Selenium WebDriver provides two types of waits - implicit wait and explicit wait. The main difference between them lies in the fact that implicit wait applies to the entire session while explicit wait applies only to specific instances.
- Implicit Wait:
Implicit Wait is applied globally and will be available for the entire WebDriver instance. Once set, it will wait for the element before throwing a "NoSuchElementException". The default value is 0.
Here is an example in Python:
from selenium import webdriver
driver = webdriver.Firefox()
driver.implicitly_wait(10) # seconds
driver.get("http://somedomain/url_that_delays_loading")

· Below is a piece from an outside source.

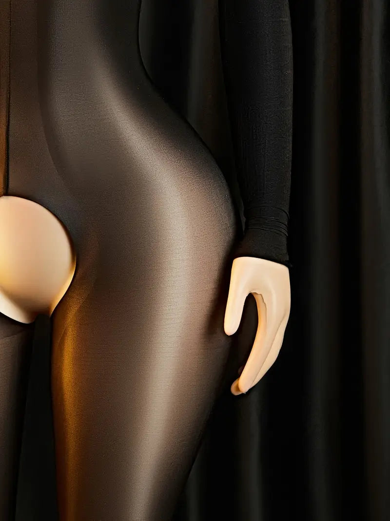 Sexy lingerie sexy hot ultra-thin oily transparent stockings silky smooth temptation plus-size bodysuit back cutout see-through one-piece crotch open tights Valentine's Day new sexy fishnet oil amount underwear and underwear

myDynamicElement = driver.find_element_by_id("myDynamicElement")
In JavaScript:
const {Builder, By, Key, until} = require('selenium-webdriver');
let driver = new Builder().forBrowser('firefox').build();
driver.manage().setTimeouts( { implicit: 10000 } );
driver.get('http://somedomain/url_that_delays_loading');
let myDynamicElement = driver.findElement(By.id('myDynamicElement'));
- Explicit Wait:
Explicit Wait is code you define to wait for a certain condition to occur before proceeding further. It is an intelligent kind of wait, but it can be applied only for specified elements. Explicit wait is more extendible in terms of functionality compared to an implicit wait as it allows you to set up more complex and customized conditions before proceeding further in the code.

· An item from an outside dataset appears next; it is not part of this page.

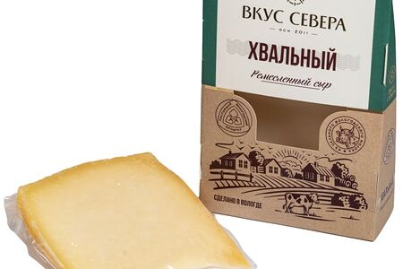 Сыр «Хвальный» сделан по рецептуре всем знакомого сыра гауда, одного из самых известных сыров. Это голландский полутвердый сыр из цельного коровьего молока, без использования растительных жиров, трансжиров и заменителей молочного жира, один из самых популярных сыров в мире. Вкус сыра — нежный сливочный, консистенция — полутвердая, эластичная, однородная. Жирность в готовом продукте — 45-65%. Срок созревания 45 суток. Сыр добавляют в различные горячие блюда, салаты, супы, соусы, выпечку и сэндвичи (сыр отлично поддается плавлению). «Хвальный» однозначно займет почетное место в составе сырной тарелки и будет прекрасно сочетаться с благородными винами.

Here is an example in Python:
from selenium import webdriver
from selenium.webdriver.common.by import By
from selenium.webdriver.support.ui import WebDriverWait
from selenium.webdriver.support import expected_conditions as EC
driver = webdriver.Firefox()
driver.get("http://somedomain/url_that_delays_loading")
try:
element = WebDriverWait(driver, 10).until(
EC.presence_of_element_located((By.ID, "myDynamicElement"))
)
finally:
driver.quit()
In JavaScript:
const {Builder, By, Key, until} = require('selenium-webdriver');
let driver = new Builder().forBrowser('firefox').build();
driver.get('http://somedomain/url_that_delays_loading');
driver.wait(until.elementLocated(By.id('myDynamicElement')), 10000);
Remember, these waits are telling WebDriver to poll the DOM for a certain amount of time when trying to find an element or elements. They will not make WebDriver wait if it can find the element immediately.